━━ Task material ━━

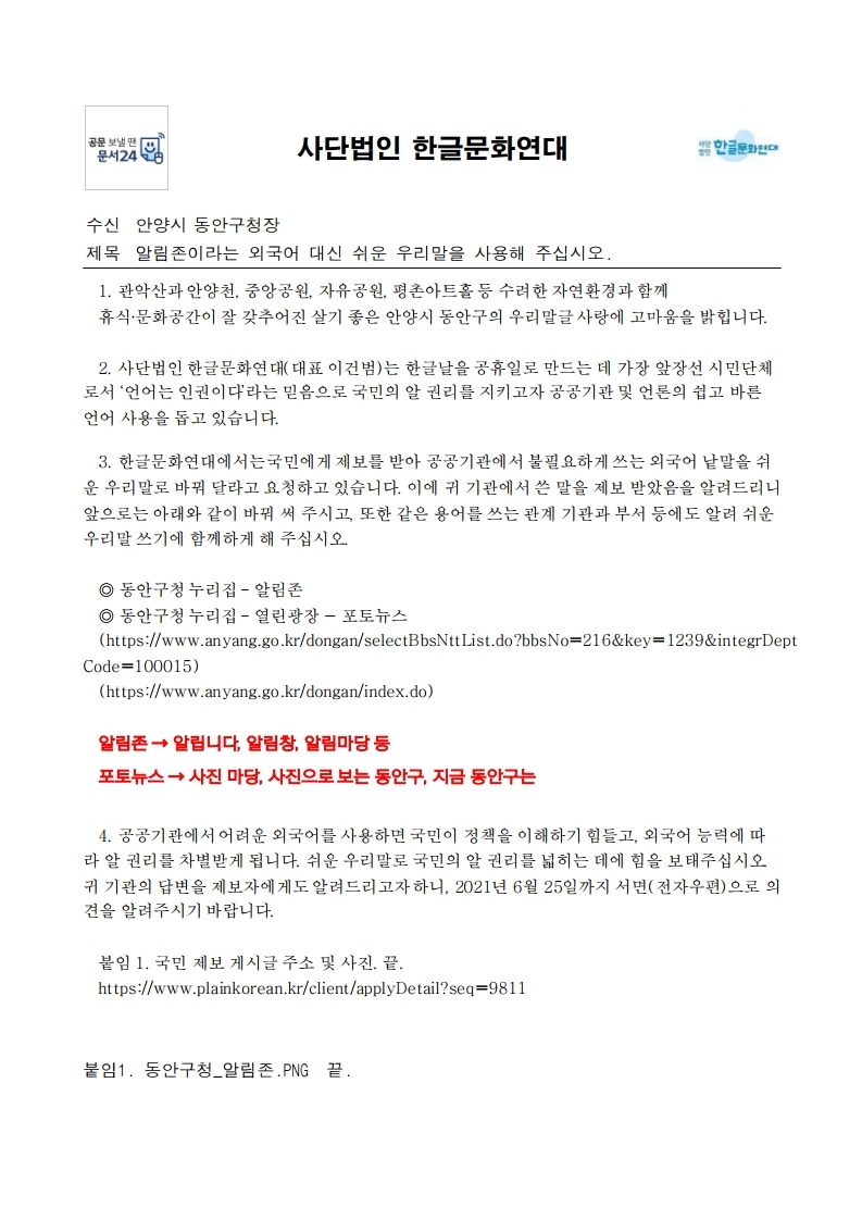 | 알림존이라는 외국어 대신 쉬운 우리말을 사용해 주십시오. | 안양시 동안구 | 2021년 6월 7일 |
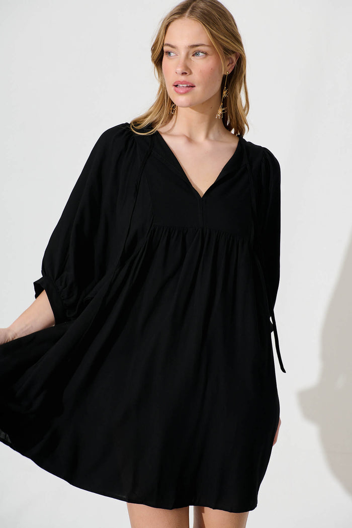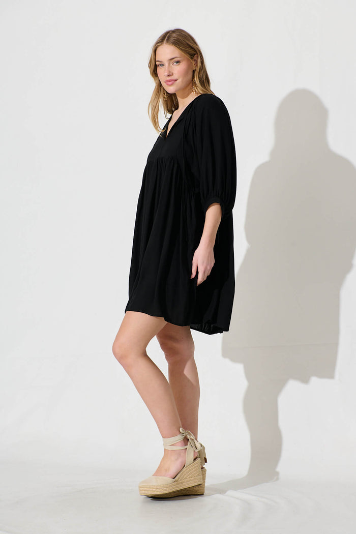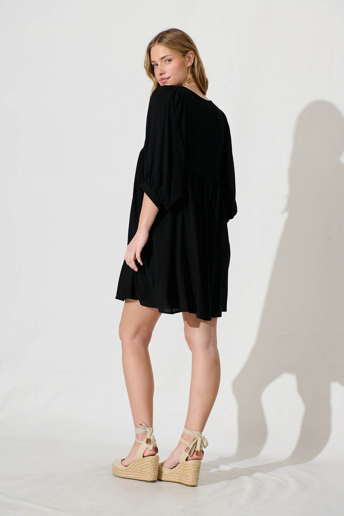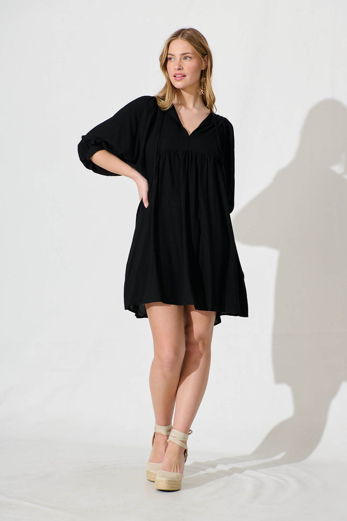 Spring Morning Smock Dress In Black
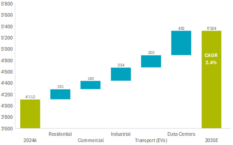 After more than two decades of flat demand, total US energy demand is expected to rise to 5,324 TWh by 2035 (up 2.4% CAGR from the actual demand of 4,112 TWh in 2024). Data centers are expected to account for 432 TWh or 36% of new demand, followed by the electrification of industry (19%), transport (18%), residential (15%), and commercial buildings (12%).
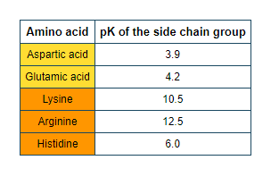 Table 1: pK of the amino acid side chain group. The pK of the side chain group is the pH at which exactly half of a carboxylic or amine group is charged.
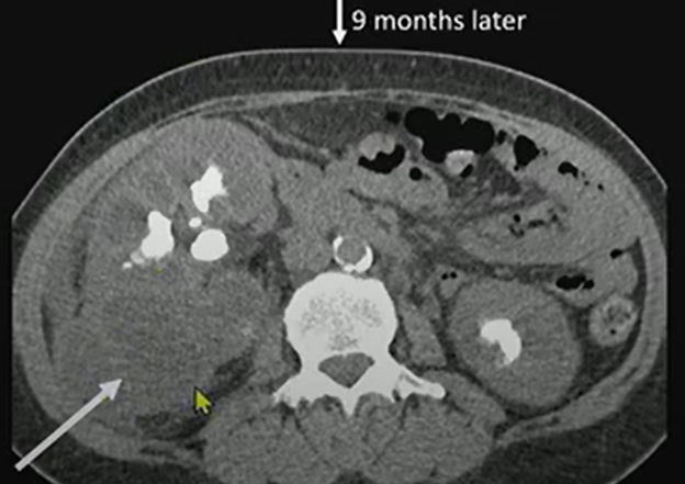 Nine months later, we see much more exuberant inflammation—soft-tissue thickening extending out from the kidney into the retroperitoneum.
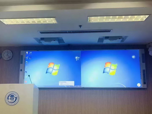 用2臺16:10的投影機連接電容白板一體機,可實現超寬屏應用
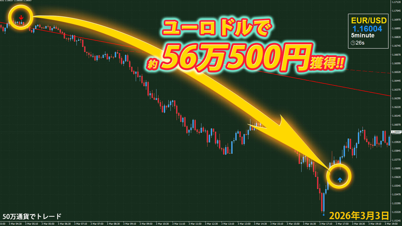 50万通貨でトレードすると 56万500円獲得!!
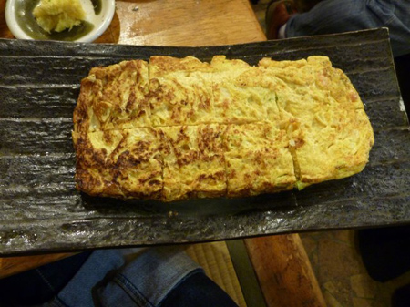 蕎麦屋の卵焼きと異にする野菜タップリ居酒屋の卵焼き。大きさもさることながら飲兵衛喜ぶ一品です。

━━━

Try it:
Whatever pictures the entries contain, omit them, and write the rest out exactly.

Your solution:
 | 알림존이라는 외국어 대신 쉬운 우리말을 사용해 주십시오. | 안양시 동안구 | 2021년 6월 7일 |
 Spring Morning Smock Dress In Black
 After more than two decades of flat demand, total US energy demand is expected to rise to 5,324 TWh by 2035 (up 2.4% CAGR from the actual demand of 4,112 TWh in 2024). Data centers are expected to account for 432 TWh or 36% of new demand, followed by the electrification of industry (19%), transport (18%), residential (15%), and commercial buildings (12%).
 Table 1: pK of the amino acid side chain group. The pK of the side chain group is the pH at which exactly half of a carboxylic or amine group is charged.
 Nine months later, we see much more exuberant inflammation—soft-tissue thickening extending out from the kidney into the retroperitoneum.
 用2臺16:10的投影機連接電容白板一體機,可實現超寬屏應用
 50万通貨でトレードすると 56万500円獲得!!
 蕎麦屋の卵焼きと異にする野菜タップリ居酒屋の卵焼き。大きさもさることながら飲兵衛喜ぶ一品です。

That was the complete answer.